__RAW DATA__:
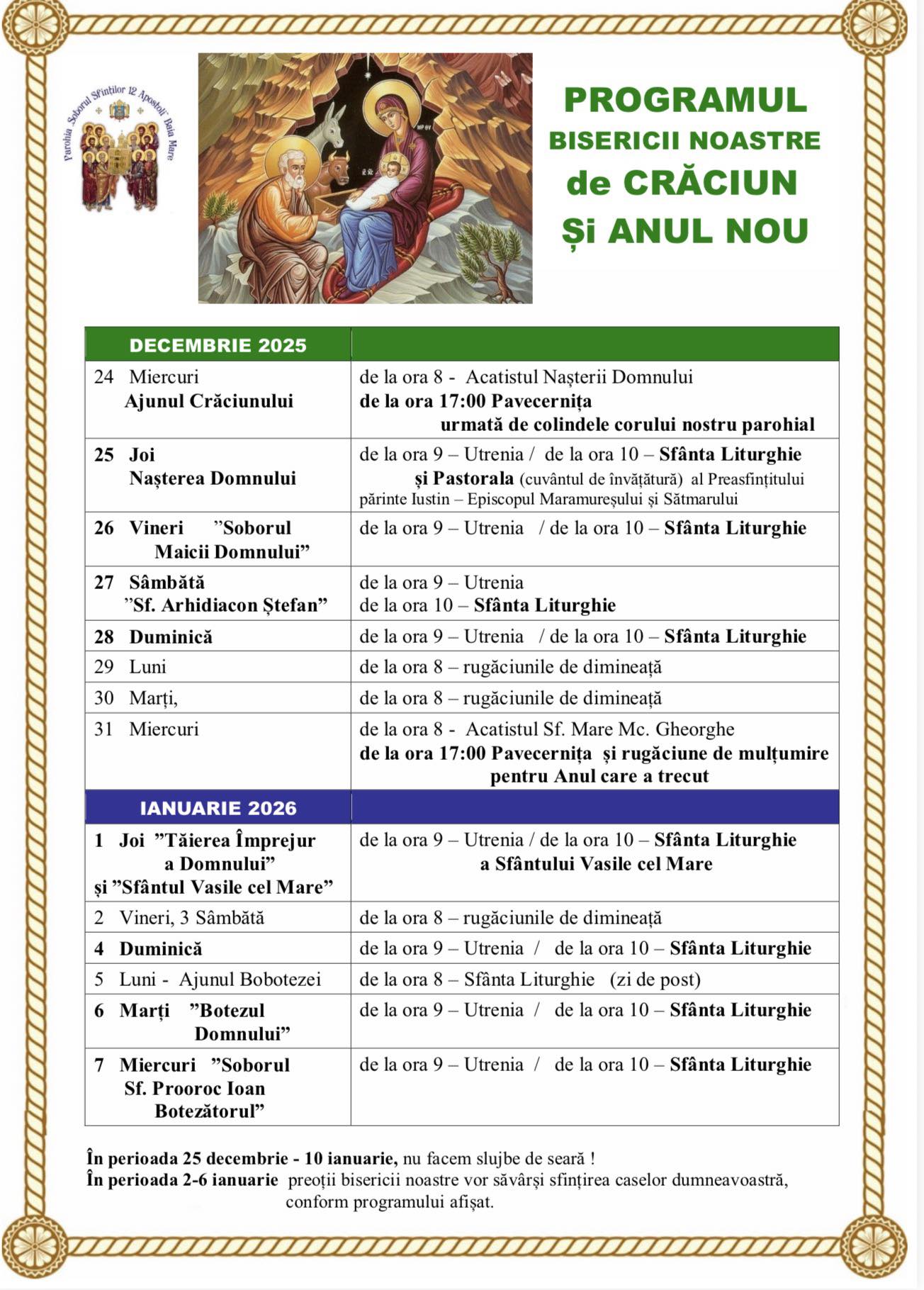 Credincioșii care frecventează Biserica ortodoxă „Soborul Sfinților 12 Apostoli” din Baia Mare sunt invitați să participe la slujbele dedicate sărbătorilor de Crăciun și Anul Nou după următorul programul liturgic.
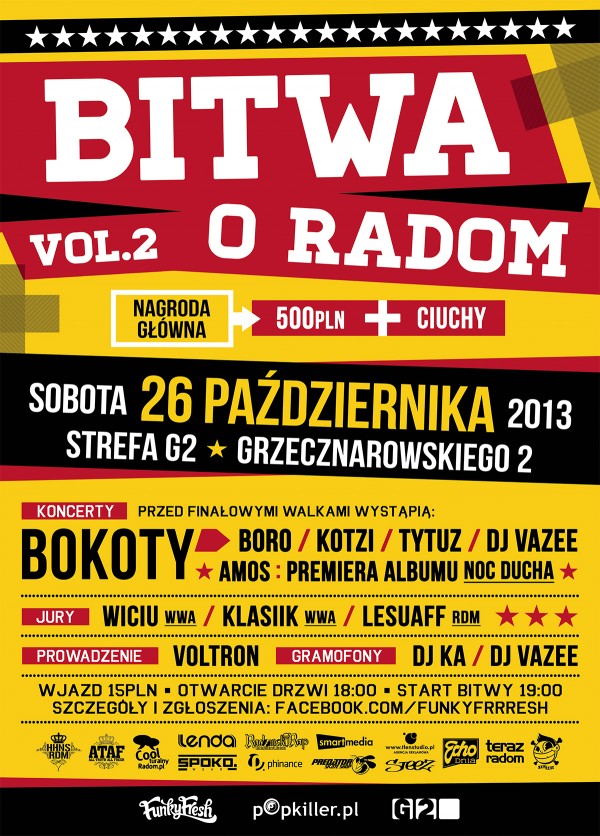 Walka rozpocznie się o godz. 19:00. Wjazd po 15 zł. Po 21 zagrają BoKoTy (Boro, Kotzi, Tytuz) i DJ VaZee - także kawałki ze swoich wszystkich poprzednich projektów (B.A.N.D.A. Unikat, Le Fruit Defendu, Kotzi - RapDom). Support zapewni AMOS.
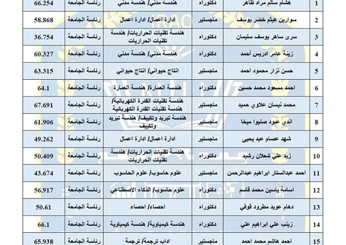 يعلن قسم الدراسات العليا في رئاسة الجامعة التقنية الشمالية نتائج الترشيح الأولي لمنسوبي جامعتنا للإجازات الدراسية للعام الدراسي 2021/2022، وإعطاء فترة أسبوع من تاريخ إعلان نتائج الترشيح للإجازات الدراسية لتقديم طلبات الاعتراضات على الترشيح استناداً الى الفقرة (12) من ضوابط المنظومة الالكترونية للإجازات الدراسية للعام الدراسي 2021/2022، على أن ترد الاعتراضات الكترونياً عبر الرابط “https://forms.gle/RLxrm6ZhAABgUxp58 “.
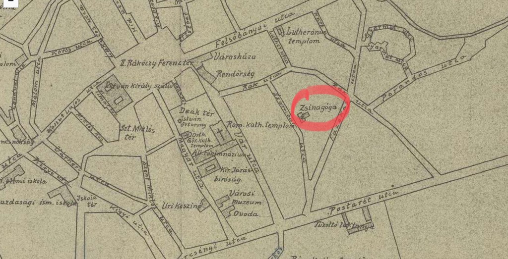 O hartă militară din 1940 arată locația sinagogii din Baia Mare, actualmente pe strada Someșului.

__PROBLEM REQUIREMENTS__: Everything in the data above, apart from the pictures, should be retyped exactly.

__FINISHED TASK__:
 Credincioșii care frecventează Biserica ortodoxă „Soborul Sfinților 12 Apostoli” din Baia Mare sunt invitați să participe la slujbele dedicate sărbătorilor de Crăciun și Anul Nou după următorul programul liturgic.
 Walka rozpocznie się o godz. 19:00. Wjazd po 15 zł. Po 21 zagrają BoKoTy (Boro, Kotzi, Tytuz) i DJ VaZee - także kawałki ze swoich wszystkich poprzednich projektów (B.A.N.D.A. Unikat, Le Fruit Defendu, Kotzi - RapDom). Support zapewni AMOS.
 يعلن قسم الدراسات العليا في رئاسة الجامعة التقنية الشمالية نتائج الترشيح الأولي لمنسوبي جامعتنا للإجازات الدراسية للعام الدراسي 2021/2022، وإعطاء فترة أسبوع من تاريخ إعلان نتائج الترشيح للإجازات الدراسية لتقديم طلبات الاعتراضات على الترشيح استناداً الى الفقرة (12) من ضوابط المنظومة الالكترونية للإجازات الدراسية للعام الدراسي 2021/2022، على أن ترد الاعتراضات الكترونياً عبر الرابط “https://forms.gle/RLxrm6ZhAABgUxp58 “.
 O hartă militară din 1940 arată locația sinagogii din Baia Mare, actualmente pe strada Someșului.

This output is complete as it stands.